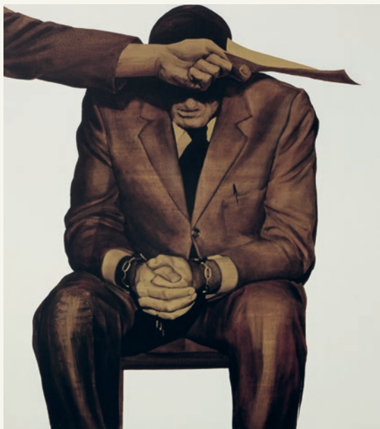
Juan Genovés, Documento n° ... , 1975

Esta planta cuenta la historia del arte de los últimos cincuenta años a partir de una selección de obras de las colecciones del Reina. ¿Es el pasado el camino hacia el presente o su memoria ofrece errores y caminos de no retorno frente a los futuros por construir? O mejor, ¿cómo se llega al pasado desde el presente? La tarea de un museo nacional no es releer el pasado buscando un espejo para la sociedad actual, sino permitir que las preocupaciones del presente encuentren en aquel una multitud de respuestas que permitan comprender que el hoy no es algo dado sino un llegar a ser de construcción necesariamente colectiva. En épocas inciertas, no se trata de imaginar futuros, sino de intentar reconocer en el presente aquellos futuros deseables que ya estaban aquí.
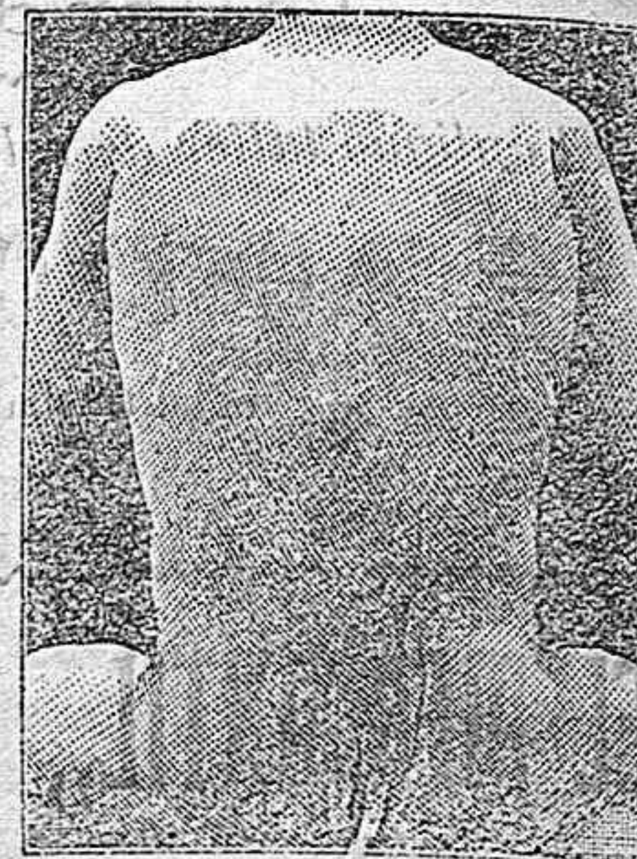
Después de 15 días de curación
........
## EXERCISE
Transcribe all the lines above exactly, apart from the pictures.

## WRITTEN ANSWER
Juan Genovés, Documento n° ... , 1975

Esta planta cuenta la historia del arte de los últimos cincuenta años a partir de una selección de obras de las colecciones del Reina. ¿Es el pasado el camino hacia el presente o su memoria ofrece errores y caminos de no retorno frente a los futuros por construir? O mejor, ¿cómo se llega al pasado desde el presente? La tarea de un museo nacional no es releer el pasado buscando un espejo para la sociedad actual, sino permitir que las preocupaciones del presente encuentren en aquel una multitud de respuestas que permitan comprender que el hoy no es algo dado sino un llegar a ser de construcción necesariamente colectiva. En épocas inciertas, no se trata de imaginar futuros, sino de intentar reconocer en el presente aquellos futuros deseables que ya estaban aquí.
Después de 15 días de curación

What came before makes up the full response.